My parents were there for me as much as they could be. My car was not very reliable, and my mom and dad graciously allowed me to use my mom’s car to be able to finish school. One more year of school, I thought, and everything would be okay. Only thing, during my last year in school, we found out that Kathleen was pregnant. I nearly dropped out, but my friends at Augsburg convinced me not to.
In between writing papers and studying, I was parenting a very sad and scared pregnant teenager. Megan was diagnosed with depression, and Erin was left alone way too much. Graduation was in June, and Kathleen’s baby was due in June. I really wanted to march, so much of my life had not been about me, I wanted this small ritual. I wondered, would life always be this complex? The baby waited until after I marched, and all three of my children and my parents attended my graduation.
I had no clue what the next part of my life would look like. Divorced, soon to be grandmother, and wondering, how to parent a teen mom? How to single parent? As so many parents do, I can only say, I did my best at the time. The challenges seemed insurmountable, most of the time. I was often weary- nearly lost in the chaos of life. But even if I felt that way; I wasn’t lost, and finishing my degree at Augsburg gave me hope. In the nick of time, with the coming collapse of the economy, having a degree gave me the opportunity to provide a home for my family. I was able to find a job I loved, at the Gainey Conference Center of the University of St. Thomas. This job gave me the opportunity for graduate school.

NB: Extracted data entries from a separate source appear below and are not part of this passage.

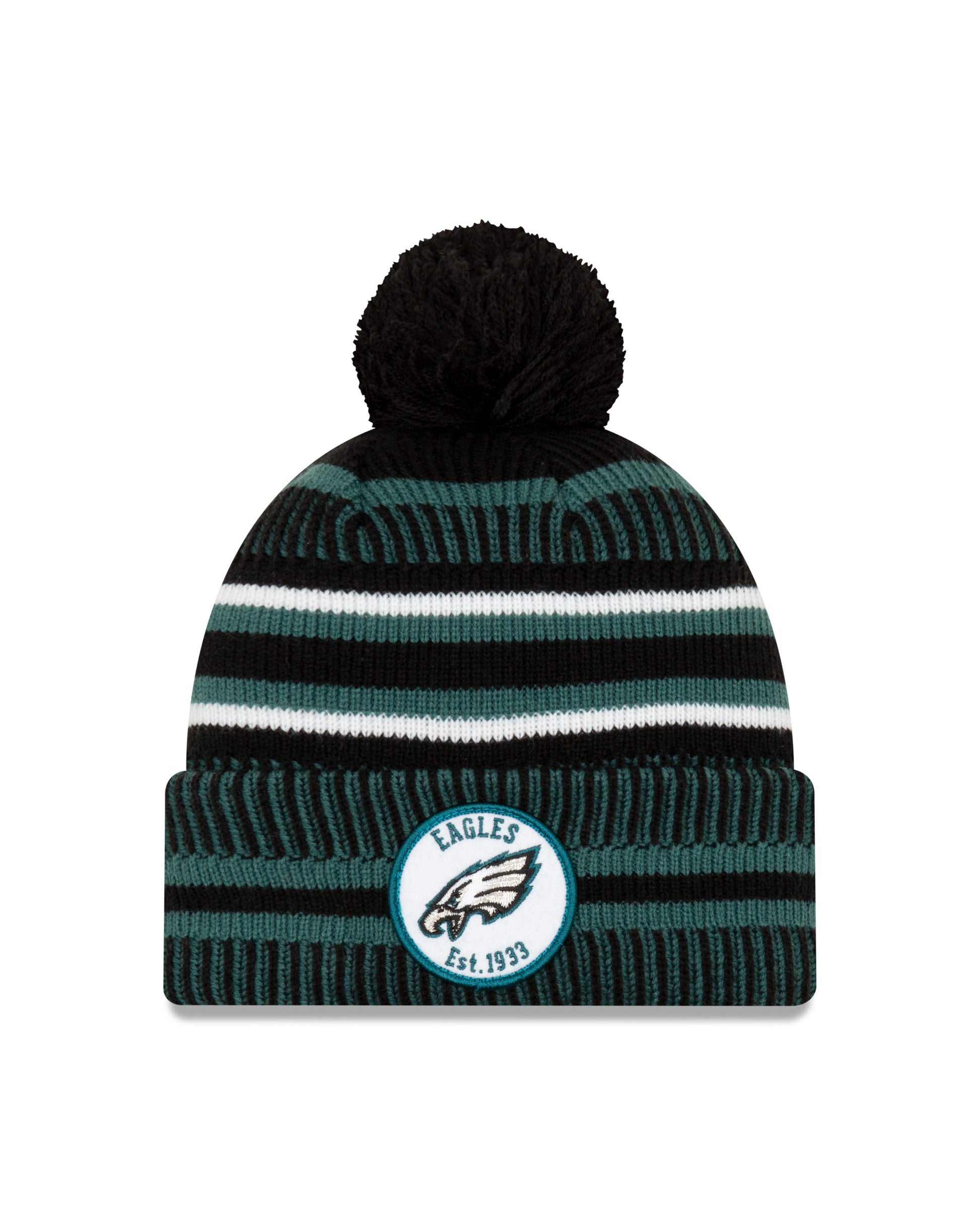 Philadelphia Eagles New Era Sideline Sport Cuffed Pom Knit Hat- Black
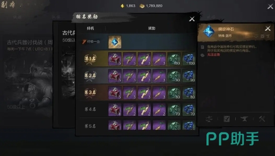 在讨伐战副本中,玩家会获得二种奖励:基本奖励和排名奖励。只需副本进行,每个参与讨伐战的玩家都能获得基本奖励。排名奖励是依据玩家在副本上对BOSS带来的伤害排名的。危害越多,排名越大,奖励就越丰富。尤其是,如果玩家能在BOSS战的最后给予致命一击,还可以获得额外的绑定神石,这是一个非常珍贵的道具。
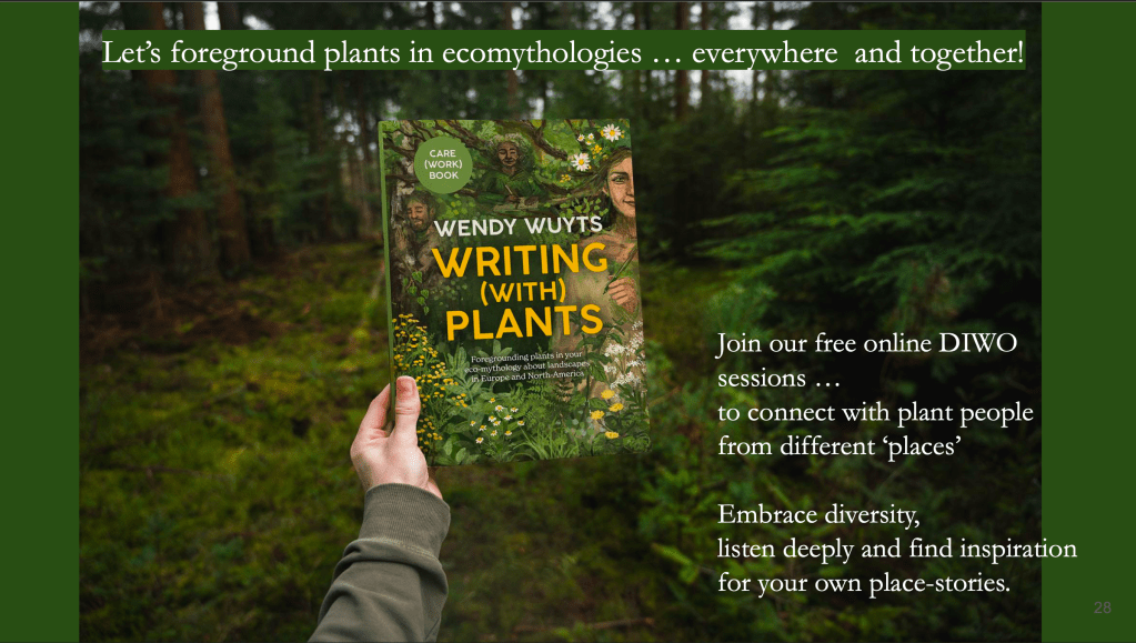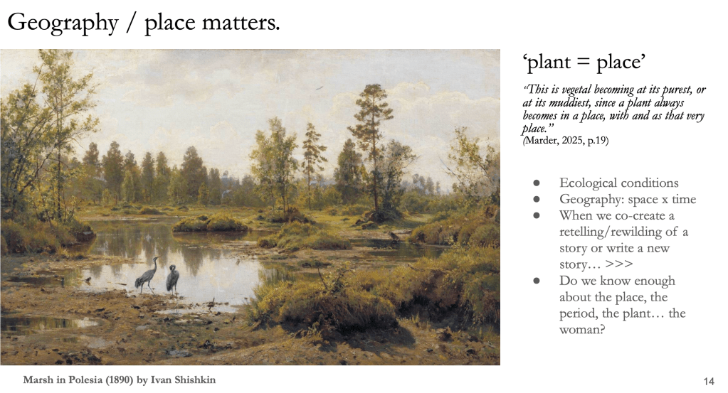 For this session, I created a few more slides, to even emphasize the role of place, how it shapes the plant becoming and constant metamorphosis. In the chapter that we selected from Michael’s book (all registered participants got a PDF from the two-page chapter beforehand), he wrote a beautiful quote about how plant is place.
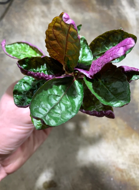Хемиграфис широколистный станет прекрасной покупкой для тех, кто ищет яркий и необычный цветовой акцент. Его фантастическая фиолетовая окраска и фактурные листья моментально оживляют любую композицию, делая его идеальным выбором для создания экзотических акцентов в прибрежной зоне или временных декораций в аквариуме.
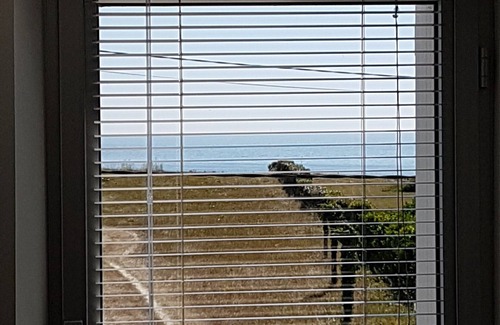 Planta alta: vista al mar desde la habitación grande con 2 camas de 90, se puede unir en 180, sillones, armario, cómoda, televisión, mesa de café; baño
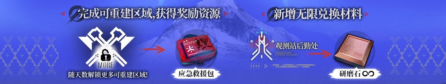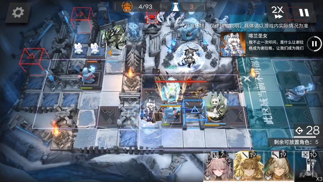 活动机制,圣女像的方向是雪崩的方向,雪崩会造成真伤+特大力度推人。敌人进入雪崩区增加装置预警值,到上限则触发雪崩。重量越高预警值越高。并且把干员朝雪崩方向推1格。会让地面干员上高台,高台到地面。如果后面一格是可部署地面则部署,如果是不可部署地面受到巨额伤害+眩晕。

So, last night at this advent vesper service so much of this came flooding back to me, in the candlelight and Christmas light of the beautiful downtown church, in the hush of the evening, in the angelic sounds of the choirs, in the magic of the orchestra. The air was swirling with history, religious and personal. In this space I was able to contemplate, to remember, to be grateful. We are all alright now, fifteen years later. Perhaps miracles are our ability to continue to start over, again. To have hope. Advent, waiting in twilight for morning to come, again.